■ Task statement ■
Omit the pictures and output exactly the lines from the start of the entries through the line containing "休闲阔腿裤 宽松bf慵懒风系绳卫裤 女秋冬新款 VGRASS灰色糯米羊毛裤".

■ Dataset items ■
------------------------------------------------------------------------

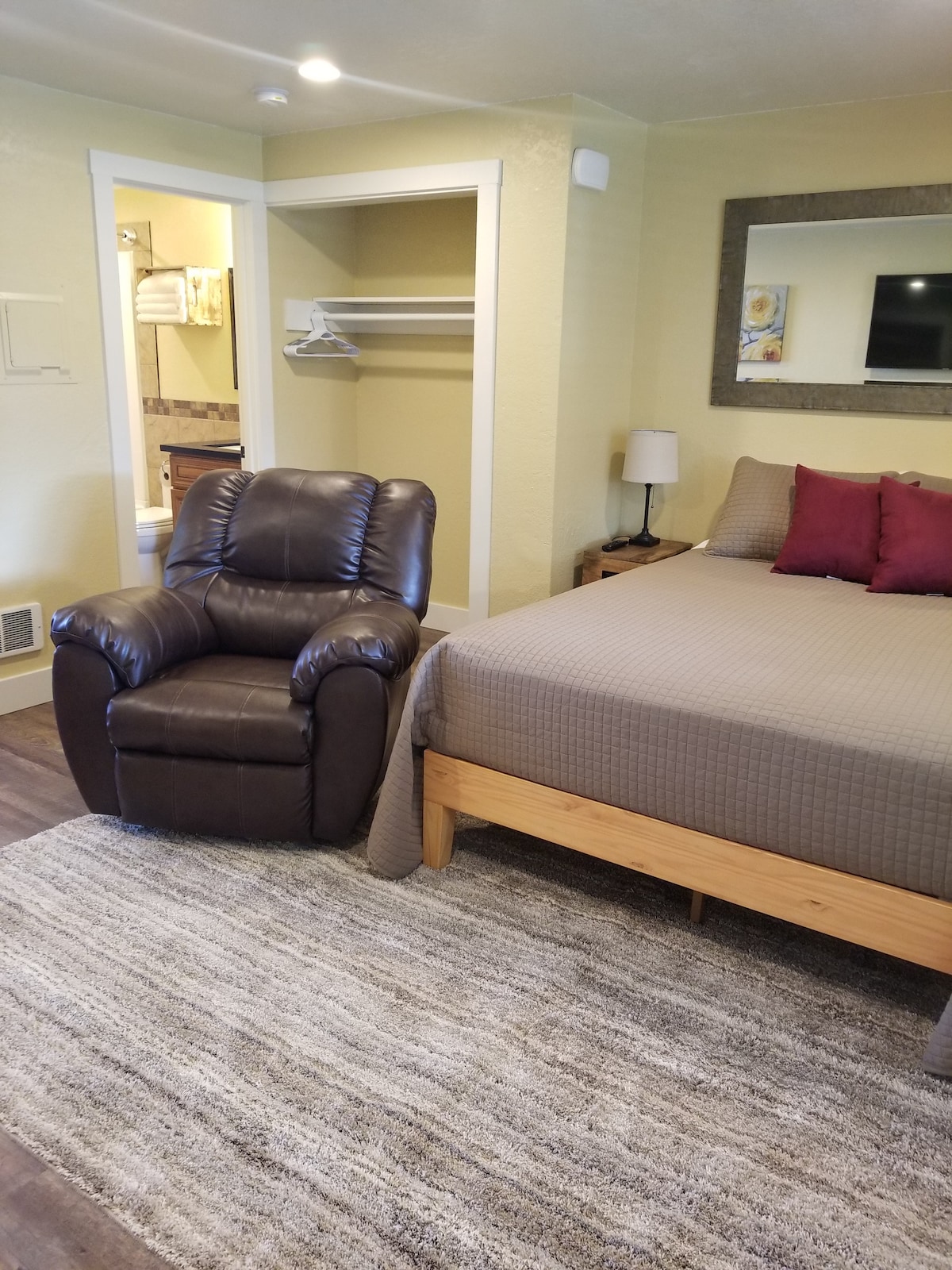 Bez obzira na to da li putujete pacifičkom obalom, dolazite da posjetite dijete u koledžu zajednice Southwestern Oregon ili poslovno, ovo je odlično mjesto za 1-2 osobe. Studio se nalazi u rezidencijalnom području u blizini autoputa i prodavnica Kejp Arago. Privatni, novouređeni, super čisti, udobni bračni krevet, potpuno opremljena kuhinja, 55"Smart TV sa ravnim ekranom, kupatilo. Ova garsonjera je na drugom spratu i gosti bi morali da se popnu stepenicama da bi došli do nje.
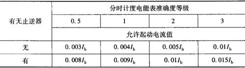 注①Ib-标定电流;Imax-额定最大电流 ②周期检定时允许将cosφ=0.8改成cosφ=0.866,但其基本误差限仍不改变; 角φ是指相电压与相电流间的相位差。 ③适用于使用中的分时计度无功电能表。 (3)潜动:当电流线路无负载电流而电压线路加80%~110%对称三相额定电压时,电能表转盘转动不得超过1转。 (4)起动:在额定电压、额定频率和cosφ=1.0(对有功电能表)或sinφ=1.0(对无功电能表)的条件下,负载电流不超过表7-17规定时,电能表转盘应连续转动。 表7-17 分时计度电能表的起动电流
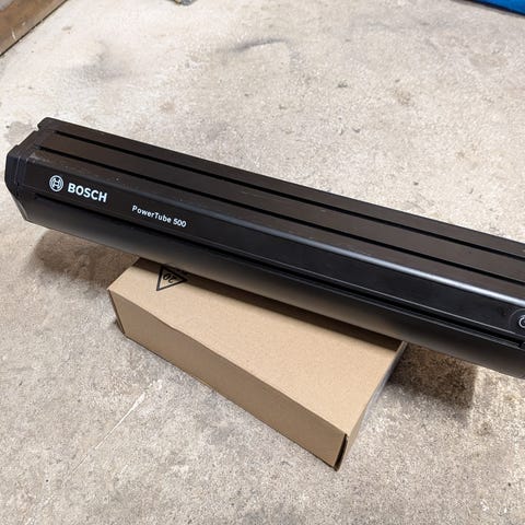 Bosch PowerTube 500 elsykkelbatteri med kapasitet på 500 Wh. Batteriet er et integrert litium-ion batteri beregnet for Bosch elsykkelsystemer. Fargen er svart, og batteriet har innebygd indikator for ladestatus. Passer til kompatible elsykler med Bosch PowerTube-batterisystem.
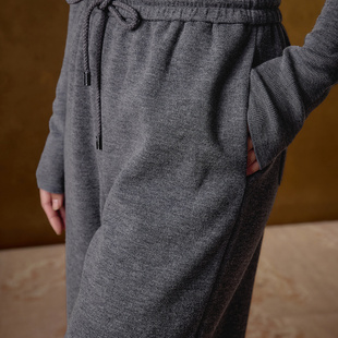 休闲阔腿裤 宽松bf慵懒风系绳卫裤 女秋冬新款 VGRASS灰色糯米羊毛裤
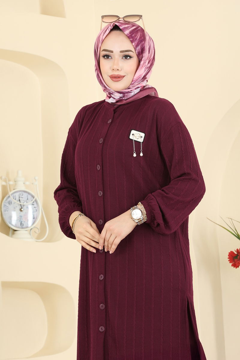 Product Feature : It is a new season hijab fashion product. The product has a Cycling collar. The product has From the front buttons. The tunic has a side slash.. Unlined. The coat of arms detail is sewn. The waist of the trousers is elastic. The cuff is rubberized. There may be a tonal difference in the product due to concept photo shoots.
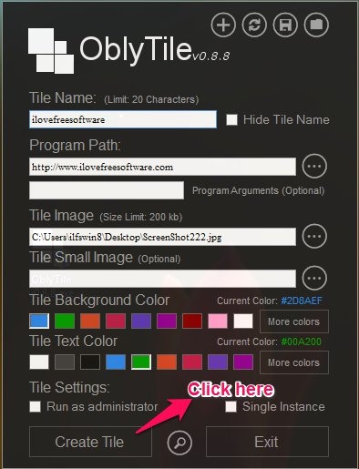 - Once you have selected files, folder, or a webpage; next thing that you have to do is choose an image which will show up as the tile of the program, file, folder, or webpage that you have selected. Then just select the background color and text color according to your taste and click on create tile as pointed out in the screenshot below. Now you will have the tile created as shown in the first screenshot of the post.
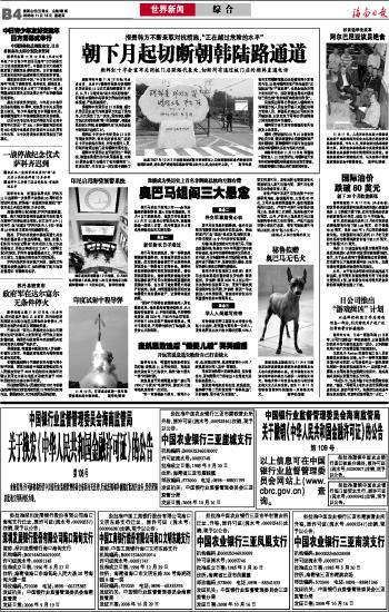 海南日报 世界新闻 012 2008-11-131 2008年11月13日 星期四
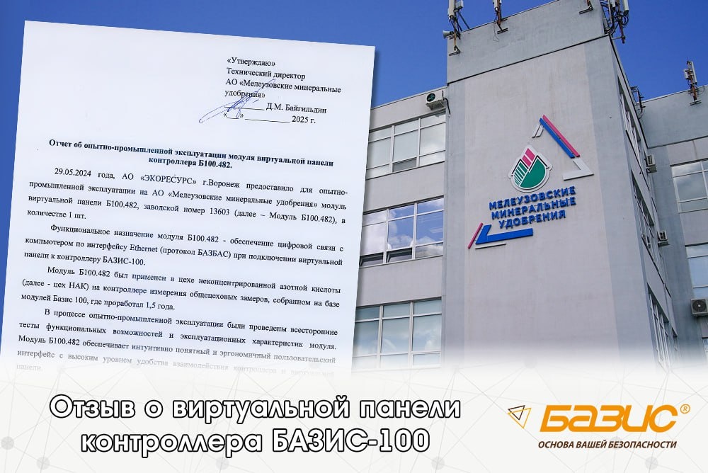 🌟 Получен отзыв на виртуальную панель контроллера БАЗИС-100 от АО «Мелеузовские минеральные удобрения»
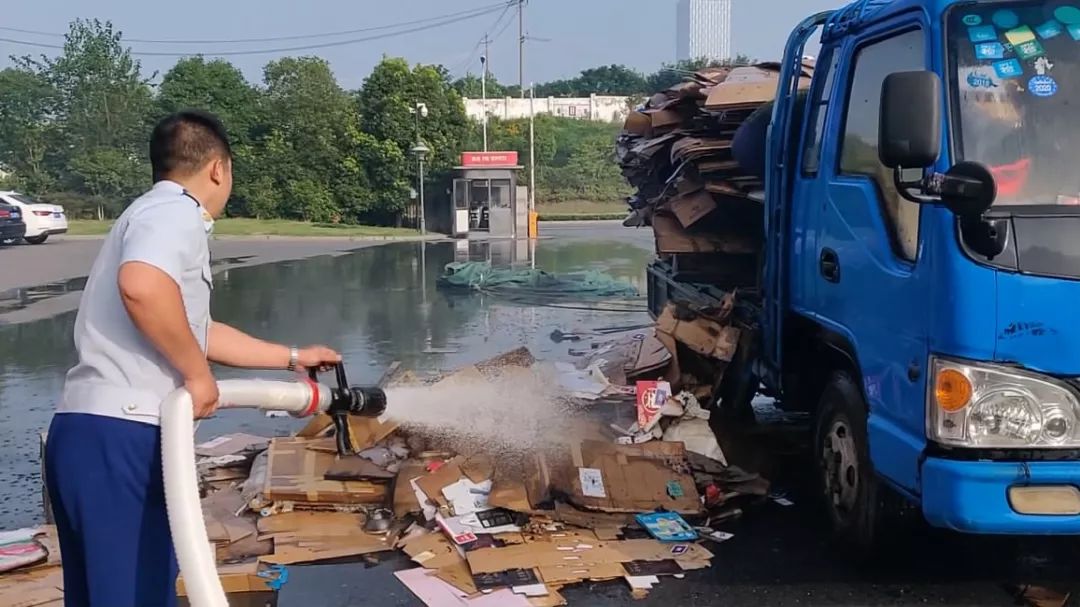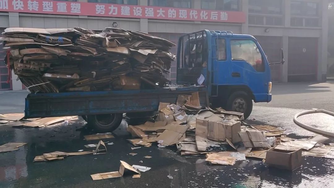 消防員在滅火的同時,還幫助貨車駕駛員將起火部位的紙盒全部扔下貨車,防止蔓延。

------------------------------------------------------------------------

■ Solution to the problem ■
 Bez obzira na to da li putujete pacifičkom obalom, dolazite da posjetite dijete u koledžu zajednice Southwestern Oregon ili poslovno, ovo je odlično mjesto za 1-2 osobe. Studio se nalazi u rezidencijalnom području u blizini autoputa i prodavnica Kejp Arago. Privatni, novouređeni, super čisti, udobni bračni krevet, potpuno opremljena kuhinja, 55"Smart TV sa ravnim ekranom, kupatilo. Ova garsonjera je na drugom spratu i gosti bi morali da se popnu stepenicama da bi došli do nje.
 注①Ib-标定电流;Imax-额定最大电流 ②周期检定时允许将cosφ=0.8改成cosφ=0.866,但其基本误差限仍不改变; 角φ是指相电压与相电流间的相位差。 ③适用于使用中的分时计度无功电能表。 (3)潜动:当电流线路无负载电流而电压线路加80%~110%对称三相额定电压时,电能表转盘转动不得超过1转。 (4)起动:在额定电压、额定频率和cosφ=1.0(对有功电能表)或sinφ=1.0(对无功电能表)的条件下,负载电流不超过表7-17规定时,电能表转盘应连续转动。 表7-17 分时计度电能表的起动电流
 Bosch PowerTube 500 elsykkelbatteri med kapasitet på 500 Wh. Batteriet er et integrert litium-ion batteri beregnet for Bosch elsykkelsystemer. Fargen er svart, og batteriet har innebygd indikator for ladestatus. Passer til kompatible elsykler med Bosch PowerTube-batterisystem.
 休闲阔腿裤 宽松bf慵懒风系绳卫裤 女秋冬新款 VGRASS灰色糯米羊毛裤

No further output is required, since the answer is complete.